■ **What you are asked to do**: If pictures appear in the lines below, skip them and copy exactly the lines from the one containing "Table 3 shows" through the one containing "The front panel", and nothing else.

■ **Provided material**:

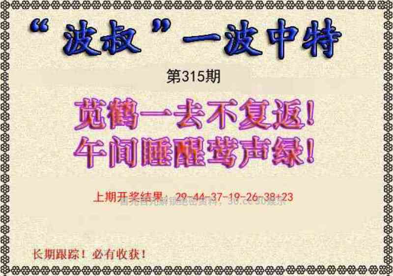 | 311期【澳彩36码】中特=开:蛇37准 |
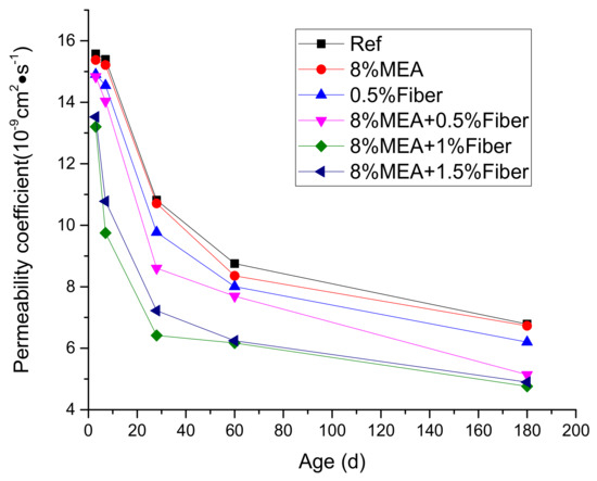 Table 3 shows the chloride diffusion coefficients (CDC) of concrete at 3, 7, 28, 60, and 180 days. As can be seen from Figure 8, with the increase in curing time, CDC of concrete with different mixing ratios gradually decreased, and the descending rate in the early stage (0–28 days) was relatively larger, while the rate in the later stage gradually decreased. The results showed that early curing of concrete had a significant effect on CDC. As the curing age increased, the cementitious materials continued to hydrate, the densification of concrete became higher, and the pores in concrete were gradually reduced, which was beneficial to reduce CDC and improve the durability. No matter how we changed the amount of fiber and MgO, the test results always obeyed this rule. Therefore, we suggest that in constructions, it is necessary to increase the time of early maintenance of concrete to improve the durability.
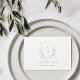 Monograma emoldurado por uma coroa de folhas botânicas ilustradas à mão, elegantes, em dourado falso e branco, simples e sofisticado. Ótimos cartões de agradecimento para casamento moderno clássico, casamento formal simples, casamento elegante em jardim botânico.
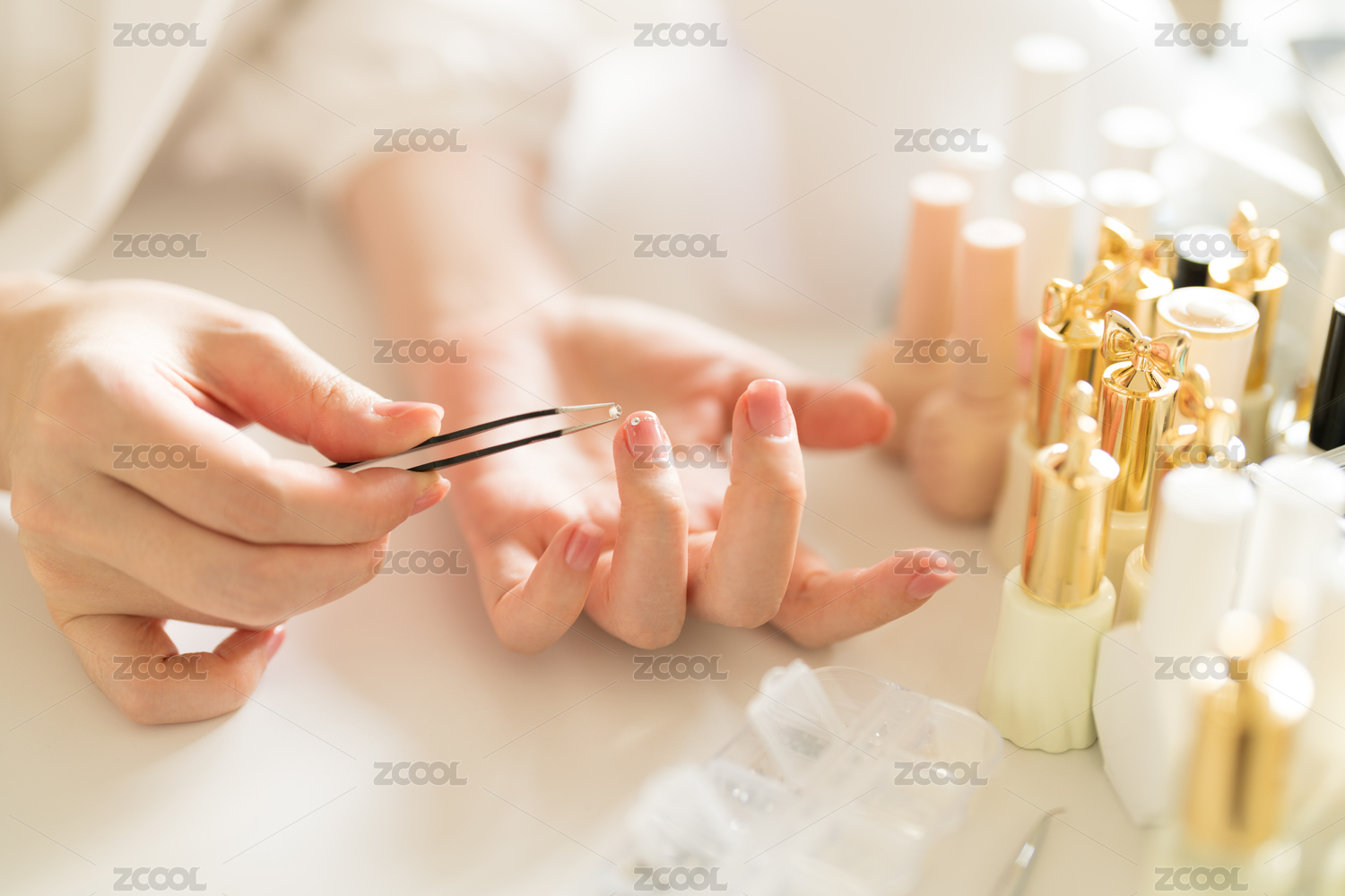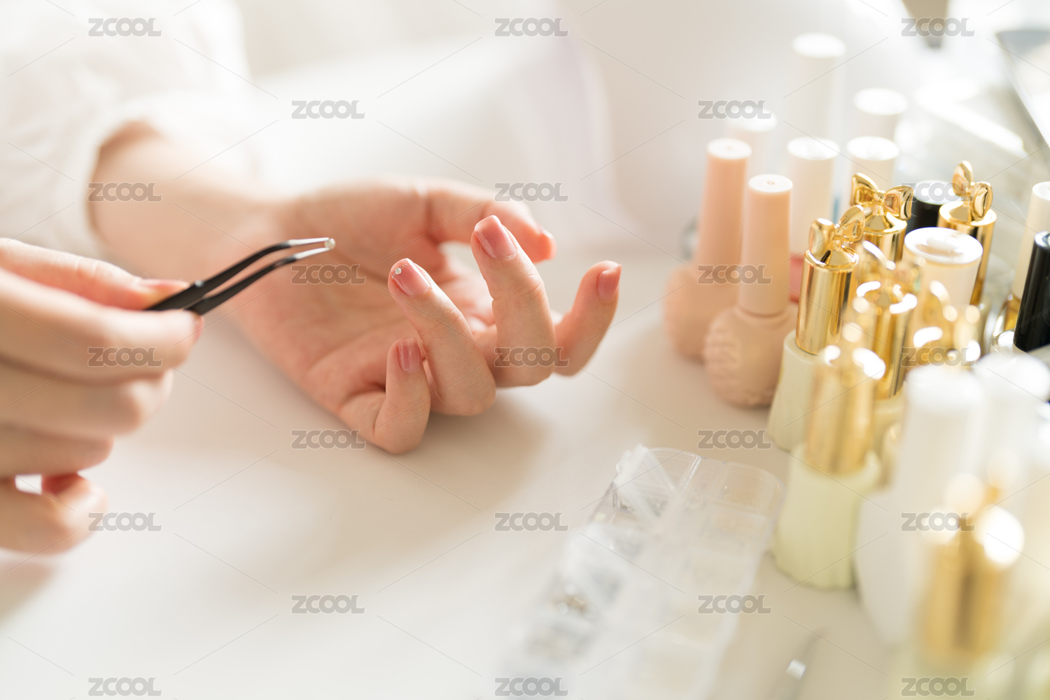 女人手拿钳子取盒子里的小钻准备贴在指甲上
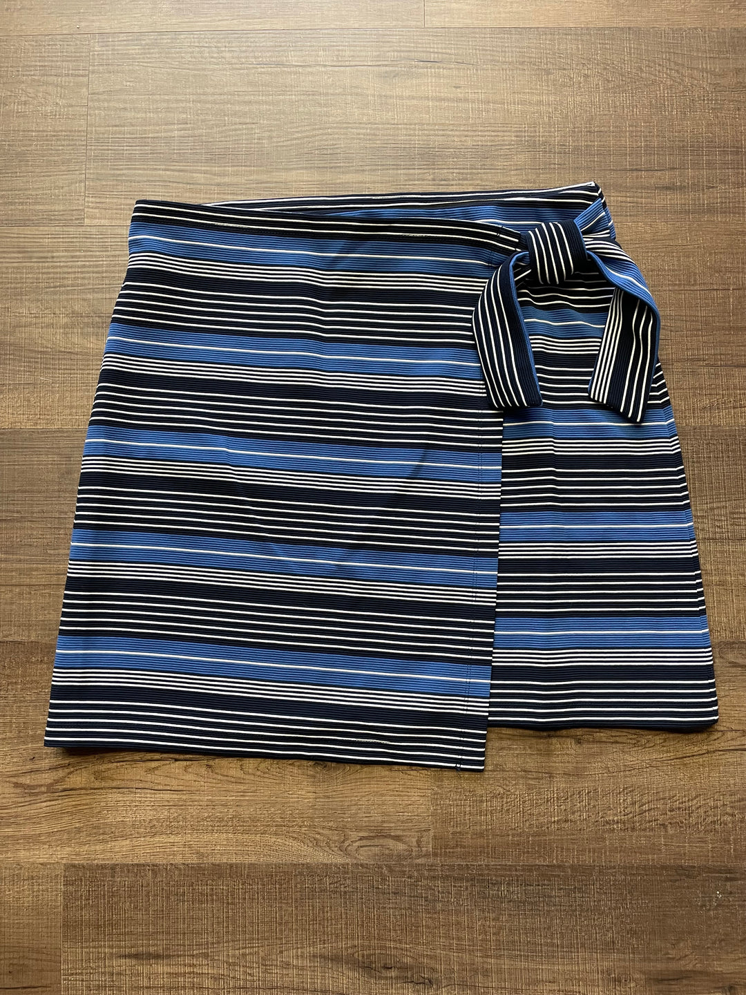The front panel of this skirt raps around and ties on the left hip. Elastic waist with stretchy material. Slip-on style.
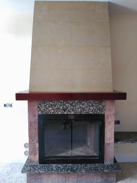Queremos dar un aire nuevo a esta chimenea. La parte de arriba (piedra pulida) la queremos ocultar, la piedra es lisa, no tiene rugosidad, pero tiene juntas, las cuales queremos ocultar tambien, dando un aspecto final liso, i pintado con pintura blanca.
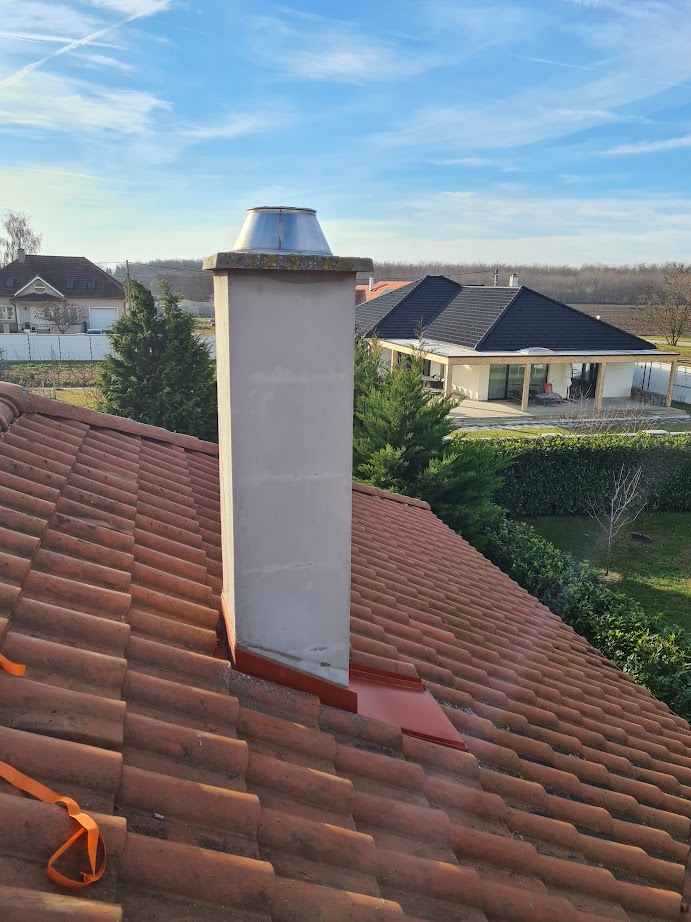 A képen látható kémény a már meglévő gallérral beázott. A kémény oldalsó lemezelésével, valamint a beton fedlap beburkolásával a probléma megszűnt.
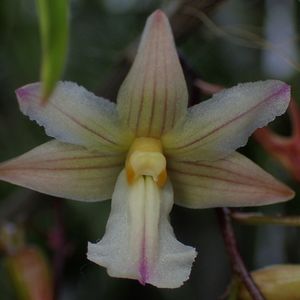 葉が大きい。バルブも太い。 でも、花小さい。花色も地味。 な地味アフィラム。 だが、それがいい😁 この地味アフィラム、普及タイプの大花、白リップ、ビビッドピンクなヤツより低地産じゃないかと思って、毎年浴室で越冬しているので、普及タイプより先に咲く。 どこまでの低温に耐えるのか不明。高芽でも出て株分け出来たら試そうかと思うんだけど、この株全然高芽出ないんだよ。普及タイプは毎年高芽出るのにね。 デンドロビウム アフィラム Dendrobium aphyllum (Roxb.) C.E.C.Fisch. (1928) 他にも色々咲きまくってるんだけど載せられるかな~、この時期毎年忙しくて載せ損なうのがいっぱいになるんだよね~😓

■ **Task response**:
 Table 3 shows the chloride diffusion coefficients (CDC) of concrete at 3, 7, 28, 60, and 180 days. As can be seen from Figure 8, with the increase in curing time, CDC of concrete with different mixing ratios gradually decreased, and the descending rate in the early stage (0–28 days) was relatively larger, while the rate in the later stage gradually decreased. The results showed that early curing of concrete had a significant effect on CDC. As the curing age increased, the cementitious materials continued to hydrate, the densification of concrete became higher, and the pores in concrete were gradually reduced, which was beneficial to reduce CDC and improve the durability. No matter how we changed the amount of fiber and MgO, the test results always obeyed this rule. Therefore, we suggest that in constructions, it is necessary to increase the time of early maintenance of concrete to improve the durability.
 Monograma emoldurado por uma coroa de folhas botânicas ilustradas à mão, elegantes, em dourado falso e branco, simples e sofisticado. Ótimos cartões de agradecimento para casamento moderno clássico, casamento formal simples, casamento elegante em jardim botânico.
 女人手拿钳子取盒子里的小钻准备贴在指甲上
The front panel of this skirt raps around and ties on the left hip. Elastic waist with stretchy material. Slip-on style.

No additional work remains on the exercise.